The latest Family Day Out, a regular family bonding event organised throughout the year by SAFRA, at various locations all over Singapore, took place both in the day and at night. Over the weekend of 3 and 4 Nov, SAFRA members and their family members were enthusiastic participants of two back-to-back events: the SAFRA Family Day Out Sports Carnival and Night Camp. Organised in conjunction with the Singapore River Festival for the first time, the events featured a whole host of entertaining carnival games and challenges, plenty of snacks and refreshments, plus giveaways and prizes galore up for grabs.
Starting from 3pm on 3 Nov, the Sports Carnival included a myriad of sports-themed carnival games, including an inflatable lifesized billiards table, table football, mini basketball games and a number of toy shooting galleries. Other fun activities could be found at handicraft stations, as children made badges, and created all kinds of crafts and souvenirs with their parents and extended family members.
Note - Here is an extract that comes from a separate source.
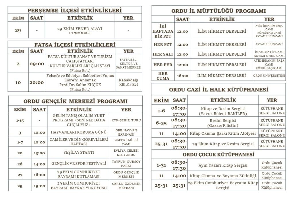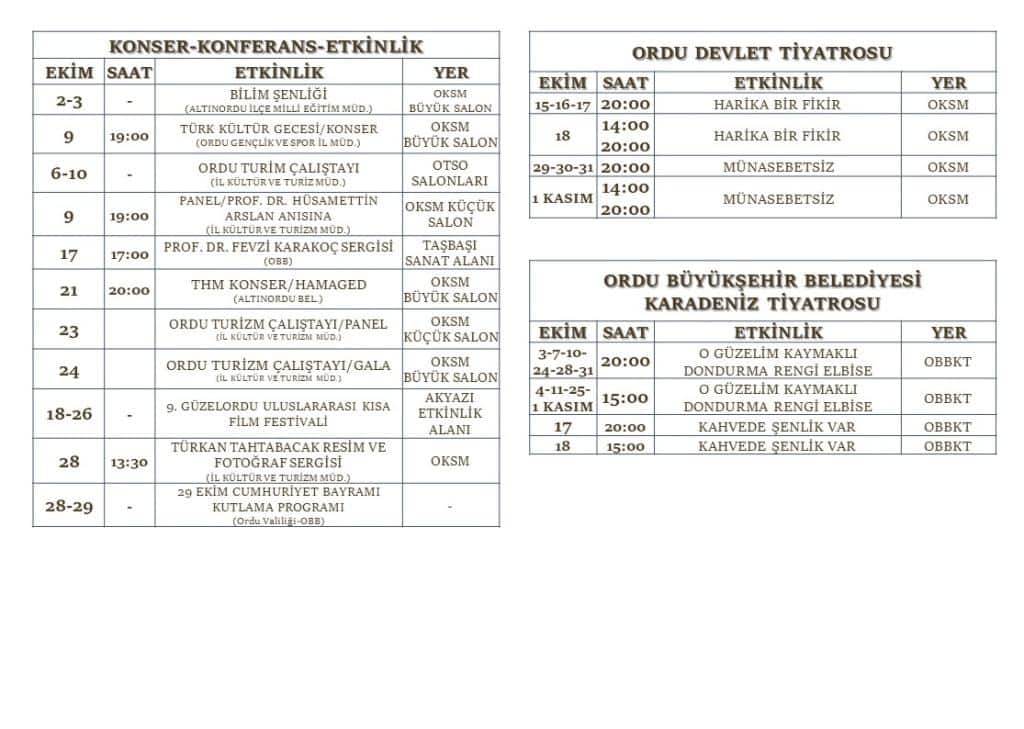 Ordu Kültürel Etkinlik Takvimi-Ekim 2025

One of the many highlights was the Families for Life Obstacle Challenge, where 50 families attempted to race through an inflatable obstacle course in the fastest possible time.
Dinner and supper were provided for the Night Camp portion of festivities, which started around 5pm. There was a campfire held, a singand-cheer-along, a build-a-tent competition and a Family Night Trail Challenge, which brought participating families across the Singapore River precinct.
At the Singapore River Festival was a night bazaar, an augmented reality zone, a live game show, an outdoor movie screening and street performances. After a good night’s sleep, participants woke up for a zumba workout at 7am before having breakfast and proceeding to break camp.
Families For Life
In our fast-paced society, with myriad distractions, it is increasingly difficult for parents to relate and speak to their children. Here are tips to prevent rifts and to help you raise caring and empathetic individuals:
1. Teach emotional literacy
Children must learn to understand nonverbal cues – facial expressions, gestures and voice tones – before they can empathise. Do your part to teach about emotions and feelings.